Monday, June 30, 2008

Moving Forward

The ongoing mantra from the left, and certainly form the Obama camp, has been that we need to 'move forward' and get past our differences. This, says Obama, is what he plans to offer with his 'new kind' of politics. Senator Clinton, in similar fashion, urged her supporters and the rest of the country to join her in ushering a new day for America. Those on the Republican side are no less guilty, although one hears less us such talk from the right side of the aisle. 

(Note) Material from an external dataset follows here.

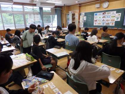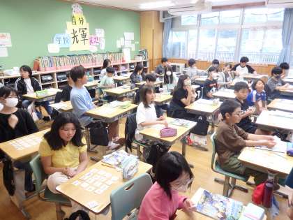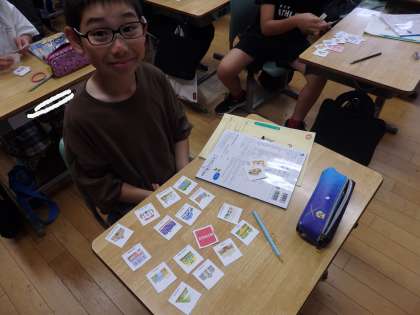 5/17 施設名でビンゴ 公開日 2024/05/17 更新日 2024/05/17 国際科 6年生の3時間目は国際科の授業でした。公園や図書館、駅など施設を表す英単語に慣れるために、ビンゴを行っていました。縦4枚、横4枚にカードを並べ、先生が言った単語を裏返していきます。6個目の単語でビンゴになっている子がいました。 いいね(0)

Here is General Wesley Clark, a NATO commander during the Clinton era, describing what he thinks Barack Obama will do for the country:
And I think what we need to do, Bob, is we need to stop talking about the old politics of left and right, and we need to pull together and move the country forward. And I think that's what Barack Obama will do.
All this vague talk about moving forward makes everyone feel for a moment that our quarreling is just plain stubbornness and that what's really in the best interest of the country is compromise and conciliation. Talk of 'moving forward' is predicated on the idea that there is an objectively determined destination, a definition of progress for the country, that all of us can recognize and all we must do is stop fighting so we can get there. If only someone could show us the way...

But here is the problem. The distinctions between left and right, the visions for America that each one of these ideological camps has, are very different from each other. It's not a matter of just putting our petty differences aside because they're not that petty. Many Americans see our future as one not trying to imitate the flawed socialist policies of Europe, with high taxes, extensive social welfare programs, massive redistribution of wealth, and disincentives for personal responsibility and entrepreneurship. Those are not the ideas that made America what it is and for many millions of people, adopting such policies would be problematic to say the least. But this is what the left wants. The vision of the left has no place for such archaisms as the right to bear arms, the free enterprise system, a meritocratic society in which race, gender or any other collective definition doesn't confer special privileges on some at the expense of others. Nor does it want to preserve a strong and able standing military; when 9/11 happens again, we won't send bombs but rather hugs and kind words of sympathy and repentance for our sins.

So, to trivialize the right-left dichotomy is a fatal and dishonest move. There ARE real differences between the visions of what the United States is to be in the 21st century, and so 'progress' will be defined differently by each side as well. There is no one place toward which we can progress.